The voice coil was effectively a huge and powerful electromagnet and the allen key, being made of steel, was stuck to its underside.
This presented me with a dilemma: there was no way to get to the allen key without shutting down the system, but I couldn’t shut the system down without first removing the allen key.
So I did the only this I could do, which was to switch the computer off, and hope for the best. Fortunately, as the heads retracted, the electromagnetic voice coil lost enough of its magnetism to allow gravity to overpower it and the allen key dropped to the base of the cast aluminium drive unit.
Then it was a simple matter of disassembling the drive so I could extract the allen key, then rebuilding the drive unit, then cleaning the heads and disk with copious quantities of isopropyl alcohol, then rigorously checking for signs of a head crash, and finally realigning the heads, taking extra care not to drop the allen key…
The Incident of the Hot Salt Beef Sandwich at Lunchtime
Having mostly finished another preventative maintenance visit at one of my customers in StJames’ Square, London, I was taking a well-earned break, and was chatting on the phone to a girl while munching a hot salt beef sandwich from the local deli.
The lid of the disk drive unit was open and as I bit into the juicy, tender and tasty beef, a gobbet of fat shot out from between the slices of rye and landed smack onto the disk, which was spinning at 3400rpm. Grease went everywhere.

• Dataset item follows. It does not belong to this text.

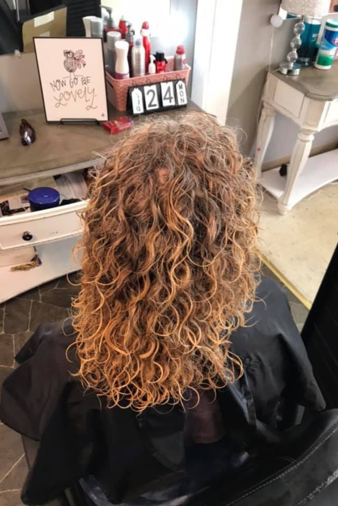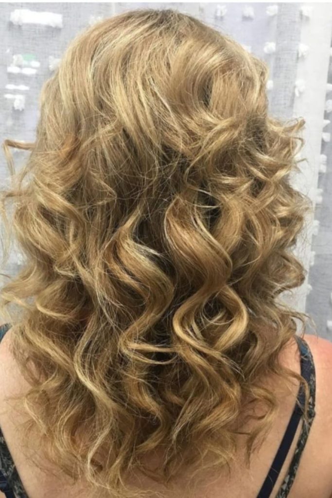 Your new look features soft, golden curls that give off a sun-kissed glow. With spirals that are defined yet loose, your hair will look full and voluminous.
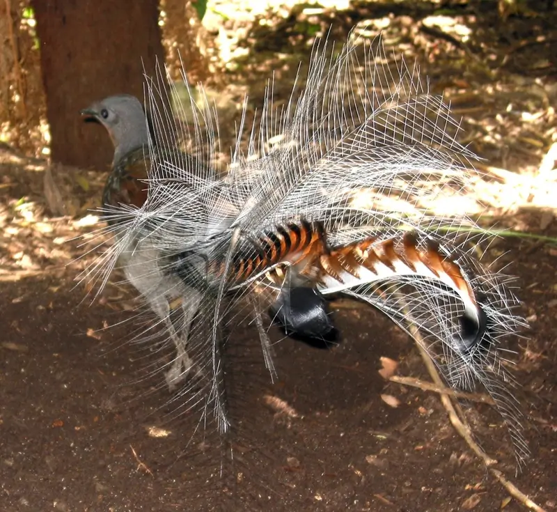 The male lyrebird has a long, elaborate tail that looks like a lyre. A lyre is a type of harp.

I hastily hung up from the call, and once again had to take decisive action. At least I could power this one down properly, but even so a lot more isopropyl alcohol was used on the disassembled parts to get rid of all the gunk, and again it was a painstaking and time consuming process to rebuild and check everything.
Get out of jail card
Every so often, once in a blue moon, there’d be a problem that just could not be resolved on site. Sometimes you’d just be stumped, nothing made sense, all logic went out of the window and none of the standard procedures worked.
For occasions like this, we had a special get out of jail card. It wasn’t deemed good enough to say “I don’t know” to the customer. When their valued call logging system wasn’t working, what they wanted most was reassurance that everything was going to be all right.
It’s like going to the Doctor’s with an illness – as long as you’re given a label, you’ve got something, an “itis” for example. That “itis” leads to acceptance and acceptance leads to confidence that something can be done. The problem has been given shape and form and remedial action can be taken.
On occasions like this we dug deep into the disk drives’ highly technical manual and made use of the most arcane aspect of the manufacturer’s soul. The diagnosis that we gave any unfixable problem on site, complete with much car mechanic’s tooth sucking, was: “I’m afraid it’s a sector phase lock loop problem, this has to go back to the lab”…
Then it was just the question of getting that huge and heavy disk drive unit into the car, without putting one’s back out.